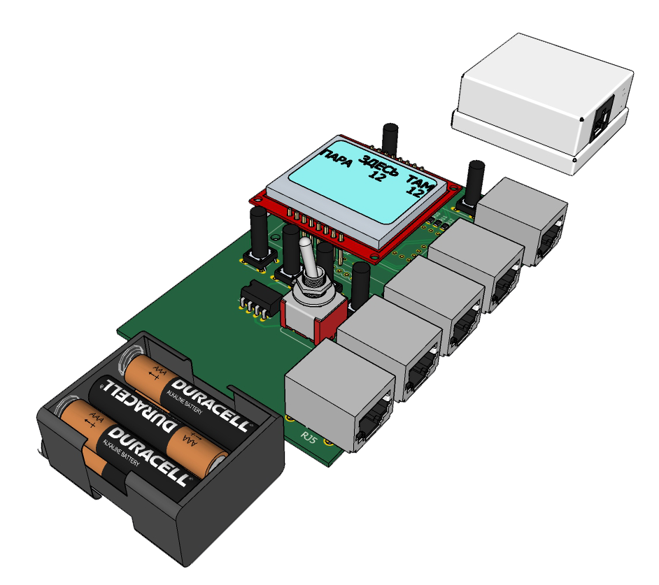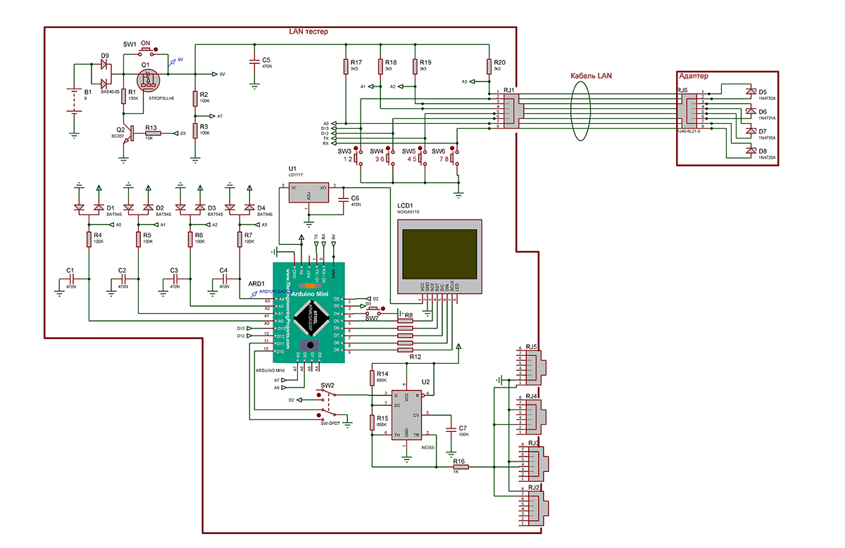 Устройство позволяет проверять состояние кабеля, а также очередность проводов в патч-кордах, сделанных из витой пары (RJ-45 UTP/FTP). Также может осуществляться: тестирование правильности соединения каждого провода в кабеле, проверка правильности обжима, наличия обрыва или короткого замыкания, также определять расстояние до обрыва кабеля. Устройство выполнено на Ардуино Мини. Информация выводится на индикатор NOKIA 5110. Схема приводена ниже
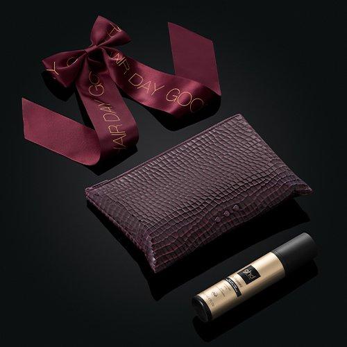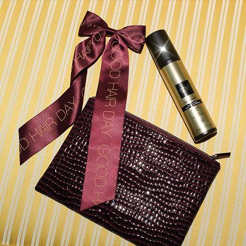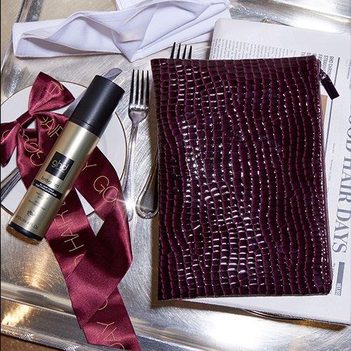 Unser ghd bodyguard Hitzeschutzspray für alle Haartypen und eine Limited Edition Haarschleife in einem kirschrotem Täschchen mit Kroko-Optik.
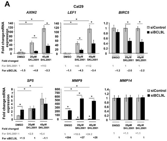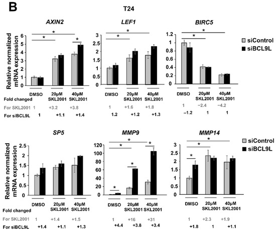 In T24 cells, the mRNA level of AXIN2, LEF1, MMP9, and MMP14 was significantly increased after SKL2001 treatment. No differences are observed in the case of the SP5 target gene. Unexpectedly, BIRC5 mRNA expression was significantly reduced with increased SKL2001 concentration. However, a positive effect of SKL2001 on target expression was not reversed after knockdown of BCL9L. Similar to Cal29 cells, MMP9 mRNA expression was strongly and significantly increased in a concentration manner of SKL2001, and BCL9L knockdown resulted in further induction of MMP9 in T24 cells (p < 0.05, Figure 6B). The data suggests that the activator SKL2001 could increase a subset of Wnt/β-catenin target genes at a higher level in Cal29 compared to T24 cells. Moreover, the SKL2001-induced expression of a subset target is reduced after the knockdown of BCL9L in CAL29.
● ● ●
Only the text of the listing should be returned, exactly and in full; no image goes into the copy.

 Устройство позволяет проверять состояние кабеля, а также очередность проводов в патч-кордах, сделанных из витой пары (RJ-45 UTP/FTP). Также может осуществляться: тестирование правильности соединения каждого провода в кабеле, проверка правильности обжима, наличия обрыва или короткого замыкания, также определять расстояние до обрыва кабеля. Устройство выполнено на Ардуино Мини. Информация выводится на индикатор NOKIA 5110. Схема приводена ниже
 Unser ghd bodyguard Hitzeschutzspray für alle Haartypen und eine Limited Edition Haarschleife in einem kirschrotem Täschchen mit Kroko-Optik.
 In T24 cells, the mRNA level of AXIN2, LEF1, MMP9, and MMP14 was significantly increased after SKL2001 treatment. No differences are observed in the case of the SP5 target gene. Unexpectedly, BIRC5 mRNA expression was significantly reduced with increased SKL2001 concentration. However, a positive effect of SKL2001 on target expression was not reversed after knockdown of BCL9L. Similar to Cal29 cells, MMP9 mRNA expression was strongly and significantly increased in a concentration manner of SKL2001, and BCL9L knockdown resulted in further induction of MMP9 in T24 cells (p < 0.05, Figure 6B). The data suggests that the activator SKL2001 could increase a subset of Wnt/β-catenin target genes at a higher level in Cal29 compared to T24 cells. Moreover, the SKL2001-induced expression of a subset target is reduced after the knockdown of BCL9L in CAL29.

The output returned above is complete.